PAGE 2
Runaway
by
Pashka looked sideways at the basin full of bloodstained slops, looked at the doctor’s apron, and began to cry.
“May-ay!” the doctor mimicked him. “Nearly old enough to be married, spoilt boy, and here he is blubbering! For shame!”
Pashka, trying not to cry, looked at his mother, and in that look could be read the entreaty: “Don’t tell them at home that I cried at the hospital.”
The doctor examined his elbow, pressed it, heaved a sigh, clicked with his lips, then pressed it again.
“You ought to be beaten, woman, but there is no one to do it,” he said. “Why didn’t you bring him before? Why, the whole arm is done for. Look, foolish woman. You see, the joint is diseased!”
“You know best, kind sir . . .” sighed the woman.
“Kind sir. . . . She’s let the boy’s arm rot, and now it is ‘kind sir.’ What kind of workman will he be without an arm? You’ll be nursing him and looking after him for ages. I bet if you had had a pimple on your nose, you’d have run to the hospital quick enough, but you have left your boy to rot for six months. You are all like that.”
The doctor lighted a cigarette. While the cigarette smoked, he scolded the woman, and shook his head in time to the song he was humming inwardly, while he thought of something else. Pashka stood naked before him, listening and looking at the smoke. When the cigarette went out, the doctor started, and said in a lower tone:
“Well, listen, woman. You can do nothing with ointments and drops in this case. You must leave him in the hospital.”

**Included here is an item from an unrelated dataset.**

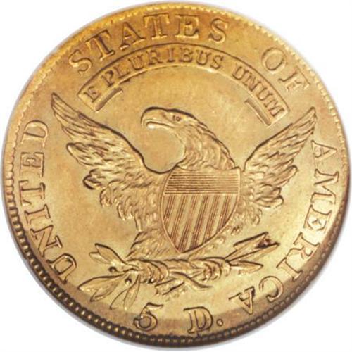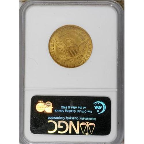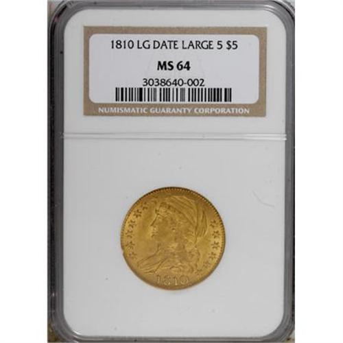 <B>1810 $5 Large Date, Large 5 MS64 NGC.</B></I> Breen-6459, BD-4, R.2. Four different die marriages were struck dated 1810, that included all combinations of Large and Small Date, and Large and Small 5 in the denomination. The two Small 5 varieties are significant rarities, while the two Large 5 varieties are comparatively available, although all pre-1834 gold coins are rare. The Large Date, Large 5 variety, that of the coin in this lot, is identified by a nearly horizontal flag on the 1 in the date (the 1 in the Small Date is at a steep angle), and a large squat 5 with its tip pointing to that of the feather.<BR> The Capped Bust Left motif was designed by John Reich. Walter Breen writes in his 1988 <I>Complete Encyclopedia of U.S. and Colonial Coins</B></I>:<BR><BR>"Almost six months to the day after John Reich became Assistant Engraver of the Mint, assigned to produce improved designs on all denominations, his new half eagles appeared; Mint Director J.R. Snowden (in an 1860 publication) said the date was Sept. 30, 1807. They promptly met with adverse criticism, some newspaper accounts characterizing Reich’s new effigy of Ms. Liberty on half eagles and half dollars as ‘the artist’s fat mistress.' "<BR><BR> Yellow-gold color imbued with hints of light tan-green enriches both sides of this near-Gem, and a solid strike manifests itself with sharp definition on the design features. The dentilation is strong, except for some weakness in the lower left obverse and upper left reverse. Lustrous surfaces are relatively well preserved, revealing just a few minor scuffs and luster grazes. Light adjustment marks on Liberty’s cheek do not distract in the least. This pleasing half eagle will fit comfortably in an early gold type set. Census: 28 in 64, 6 finer (6/07).<BR><BR><B>Coin Engraver:</B> John Reich<BR><BR><b>Shipping:</b> Coins & Currency (<a target="_blank" href="http://www.heritageauctions.com/common/shipping.php">view shipping information</a>)

“If necessary, sir, why not?
“We must operate on him. You stop with me, Pashka,” said the doctor, slapping Pashka on the shoulder. “Let mother go home, and you and I will stop here, old man. It’s nice with me, old boy, it’s first-rate here. I’ll tell you what we’ll do, Pashka, we will go catching finches together. I will show you a fox! We will go visiting together! Shall we? And mother will come for you tomorrow! Eh?”
Pashka looked inquiringly at his mother.
“You stay, child!” she said.
“He’ll stay, he’ll stay!” cried the doctor gleefully. “And there is no need to discuss it. I’ll show him a live fox! We will go to the fair together to buy candy! Marya Denisovna, take him upstairs!”
The doctor, apparently a light-hearted and friendly fellow, seemed glad to have company; Pashka wanted to oblige him, especially as he had never in his life been to a fair, and would have been glad to have a look at a live fox, but how could he do without his mother?
After a little reflection he decided to ask the doctor to let his mother stay in the hospital too, but before he had time to open his mouth the lady assistant was already taking him upstairs. He walked up and looked about him with his mouth open. The staircase, the floors, and the doorposts–everything huge, straight, and bright-were painted a splendid yellow colour, and had a delicious smell of Lenten oil. On all sides lamps were hanging, strips of carpet stretched along the floor, copper taps stuck out on the walls. But best of all Pashka liked the bedstead upon which he was made to sit down, and the grey woollen coverlet. He touched the pillows and the coverlet with his hands, looked round the ward, and made up his mind that it was very nice at the doctor’s.
The ward was not a large one, it consisted of only three beds. One bed stood empty, the second was occupied by Pashka, and on the third sat an old man with sour eyes, who kept coughing and spitting into a mug. From Pashka’s bed part of another ward could be seen with two beds; on one a very pale wasted-looking man with an india-rubber bottle on his head was asleep; on the other a peasant with his head tied up, looking very like a woman, was sitting with his arms spread out.